Hard Burning

Struggling to get going

After a fairly torrid few days, it was a real treat to head up to Aberdeenshire for some heather burning on Friday. Every day is a school day on the hill, and it’s one of the constant delights of my work that there is always more to learn and see. Looking back over notes from previous years, I often find great value in trips to the hill which at the time seemed pointless or wasted if only because they led me to some new hint or clue which helped me get a better grasp on the way of things. Burning heather is no longer much of a novelty, but every day with a besom in hand gives a new angle or sheds some fresh light on the hills.

As it was, the heather seemed too wet to burn at all as we drove up the tracks to the drive we had intended to tackle, but it managed a dull crackle even as fog and smirr wafted around us. As the afternoon cleared and a steady breeze came on, it felt like we were in for some good burning, but the sun stayed in and the fires roared for a moment or two before dwindling away into patchy affairs. We forced them to carve out a few nice patches with a certain amount of careful curation and micro-management, but it was generally quite a disappointing outcome.

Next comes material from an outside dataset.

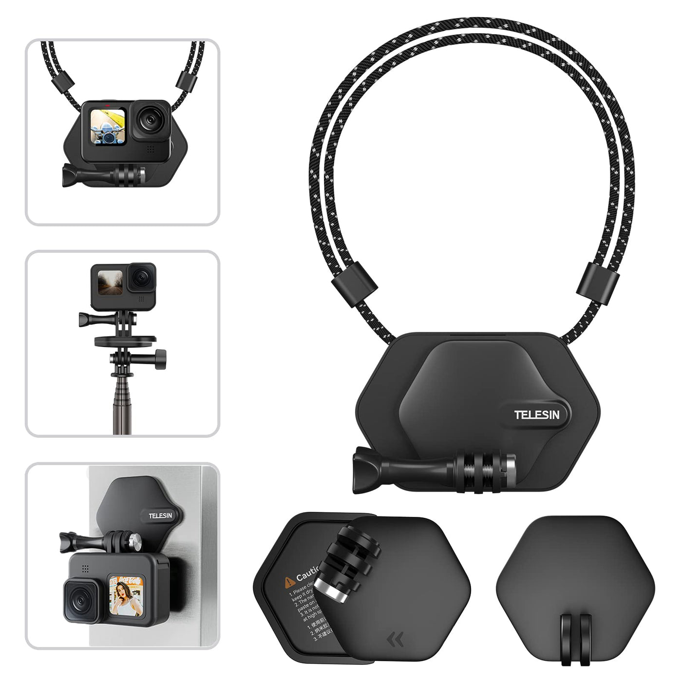 Telesin Magnetic Chest Mount + Neck Strap + Viscose Mount + Selfie Stick Quick Release Adapter Mount Base Multiple Function Body Mounting Kit There Are Some Notices Before Using This Mounting Kit 1.For The Nano Viscose Mount, Make Sure Follow The Arrow Direction To Pull Out The Cover And Mount It With Your Camera Or Phone. If You Have Problem With Operation, Read The Manual First Or Contact Our Customer Service For Help. 2.After Using The Nano Viscose For Several Times, Please Remember To Clean It With Fresh Water And Dry It, To Make Sure It Keep The Strong Sticker Function. 3.For The Quick Release Adapter Base Use On The Tripod Or Selfie Stick, Please Do Not Use It For Extreme Activities At High Speed Like Snowboarding, Because You May Hitting A Tree Or Other Obstacle And Bumping Off The Magnetic Mount Which Will Cause You To Lose Your Camera. 4.For The Magnetic Chest Mount, Please Make Sure You Wear The Appropriate Thickness Of Clothing To Ensure That The Magnet Force Of The Magnetic Bracket Is Strong And Solid Enough. 5.This Product Kit Includes Only One Locking Screw, When You Use The Magnetic Mount And Quick Release Adapter Base At The Same Time, You Will Need An Extra Locking Screw. 6.Make Sure To Clean And Dry The Surface Before Placing The Magnetic Mount And Nano Mount. Package Content 1 * Magnetic Front Plate 1 * Magnetic Base With Neck Strap 1 * Nano Viscose Mount 1 * Quick Release Adapter Base 1 * Locking Screw 1 * Protective Carry Bag Warranty If For Any Reason You Are Unhappy With Any Product By Telesin, Please Do Not Hesitate To Contact Our Online Customer Support For Help! We Take Full Ownership And Responsibility For The Quality Of Our Products And Will Do Our Very Best To Solve Your Problem Quickly And Efficiently!

The black fires were thick with stick, and some could probably have been burnt again with a few hours of fresh air and sunshine to dry off the rotten litter. On one fire, the crackling buzz flushed a greyhen who rose “huk-hukking” against the sky and turned through the smoke, reaching over the top of each wingbeat with a faltering stretch. On another, an eagle took a break from squabbling with a pair of ravens and slid in for a close look. Hares stood out like shreds of quartz at every point of the compass, and grouse provided a constant droning whirr of sound and fury. On the way back off in the evening, we passed a pack of seven blackcock by the roadside. Some rose up and flew a little further off, and several were showing their white underarms as if they meant business.

It is a long way to Fettercairn and I increasingly wonder if my old suzuki is up to the job, but the uncomfortable journey is always trebly rewarded with new lessons.